• **Records for this task**:

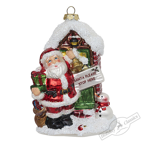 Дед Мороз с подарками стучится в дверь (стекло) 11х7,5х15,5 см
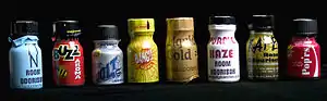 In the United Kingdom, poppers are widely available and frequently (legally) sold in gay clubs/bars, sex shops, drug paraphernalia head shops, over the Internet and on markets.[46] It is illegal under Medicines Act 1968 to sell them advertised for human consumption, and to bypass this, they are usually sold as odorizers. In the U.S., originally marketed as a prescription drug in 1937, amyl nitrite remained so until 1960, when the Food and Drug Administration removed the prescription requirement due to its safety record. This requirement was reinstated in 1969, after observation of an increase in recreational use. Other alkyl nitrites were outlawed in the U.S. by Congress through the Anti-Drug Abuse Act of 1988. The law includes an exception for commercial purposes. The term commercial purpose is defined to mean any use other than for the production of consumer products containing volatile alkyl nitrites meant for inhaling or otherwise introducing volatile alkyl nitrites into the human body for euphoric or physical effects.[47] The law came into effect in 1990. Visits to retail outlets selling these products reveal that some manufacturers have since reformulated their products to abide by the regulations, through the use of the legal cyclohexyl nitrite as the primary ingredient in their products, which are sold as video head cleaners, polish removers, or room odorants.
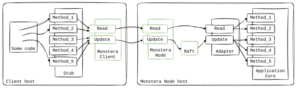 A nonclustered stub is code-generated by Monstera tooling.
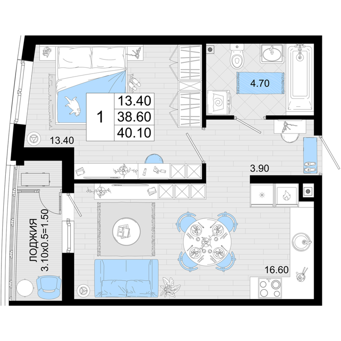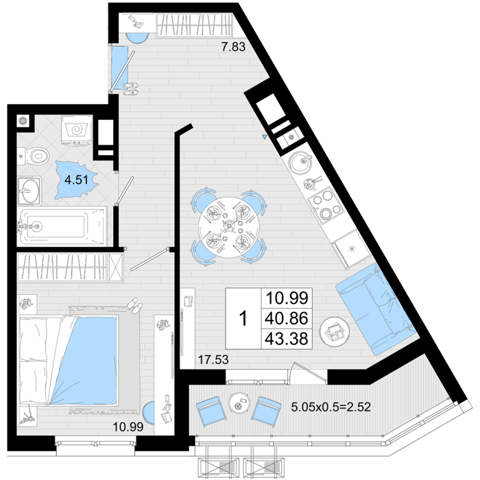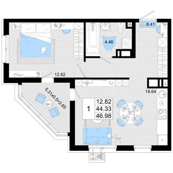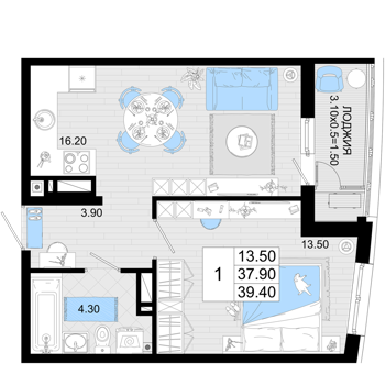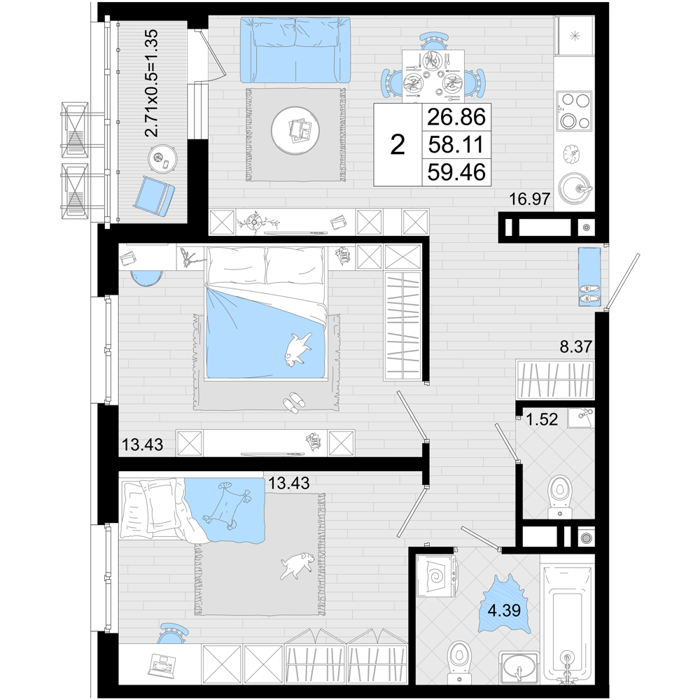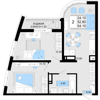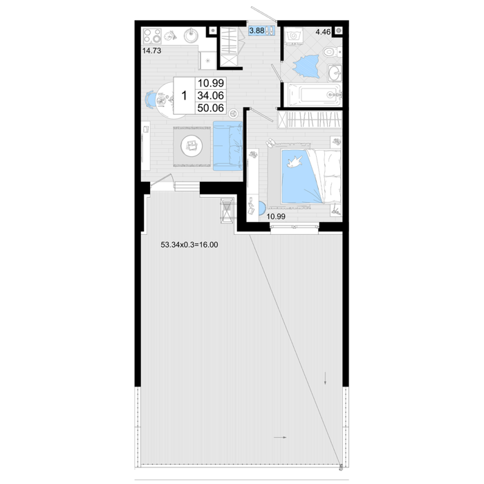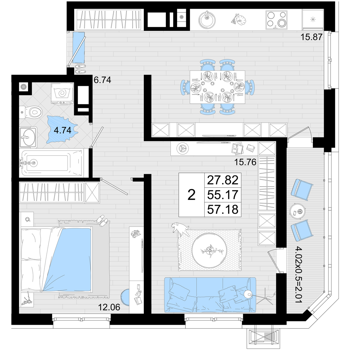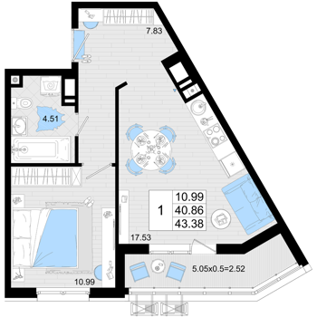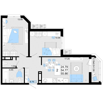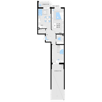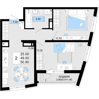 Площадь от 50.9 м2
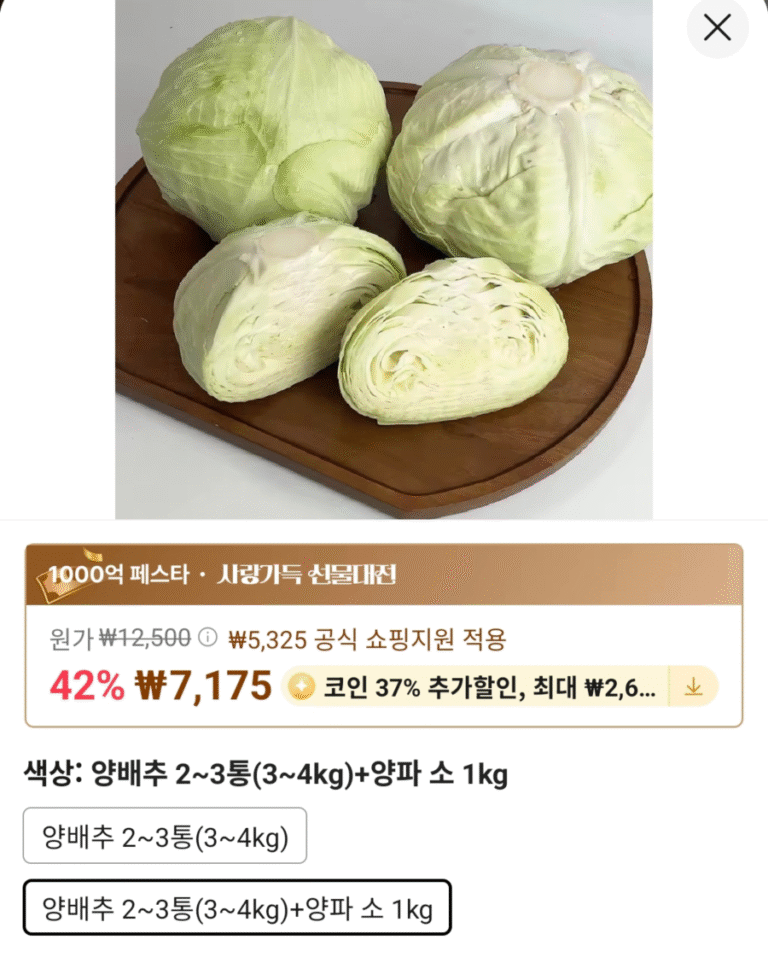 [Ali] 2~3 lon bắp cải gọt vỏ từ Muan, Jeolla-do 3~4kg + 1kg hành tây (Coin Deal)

• **About this exercise**: Copy the data above line for line, skipping every picture.

• **Response area**:
 Дед Мороз с подарками стучится в дверь (стекло) 11х7,5х15,5 см
 In the United Kingdom, poppers are widely available and frequently (legally) sold in gay clubs/bars, sex shops, drug paraphernalia head shops, over the Internet and on markets.[46] It is illegal under Medicines Act 1968 to sell them advertised for human consumption, and to bypass this, they are usually sold as odorizers. In the U.S., originally marketed as a prescription drug in 1937, amyl nitrite remained so until 1960, when the Food and Drug Administration removed the prescription requirement due to its safety record. This requirement was reinstated in 1969, after observation of an increase in recreational use. Other alkyl nitrites were outlawed in the U.S. by Congress through the Anti-Drug Abuse Act of 1988. The law includes an exception for commercial purposes. The term commercial purpose is defined to mean any use other than for the production of consumer products containing volatile alkyl nitrites meant for inhaling or otherwise introducing volatile alkyl nitrites into the human body for euphoric or physical effects.[47] The law came into effect in 1990. Visits to retail outlets selling these products reveal that some manufacturers have since reformulated their products to abide by the regulations, through the use of the legal cyclohexyl nitrite as the primary ingredient in their products, which are sold as video head cleaners, polish removers, or room odorants.
 A nonclustered stub is code-generated by Monstera tooling.
 Площадь от 50.9 м2
 [Ali] 2~3 lon bắp cải gọt vỏ từ Muan, Jeolla-do 3~4kg + 1kg hành tây (Coin Deal)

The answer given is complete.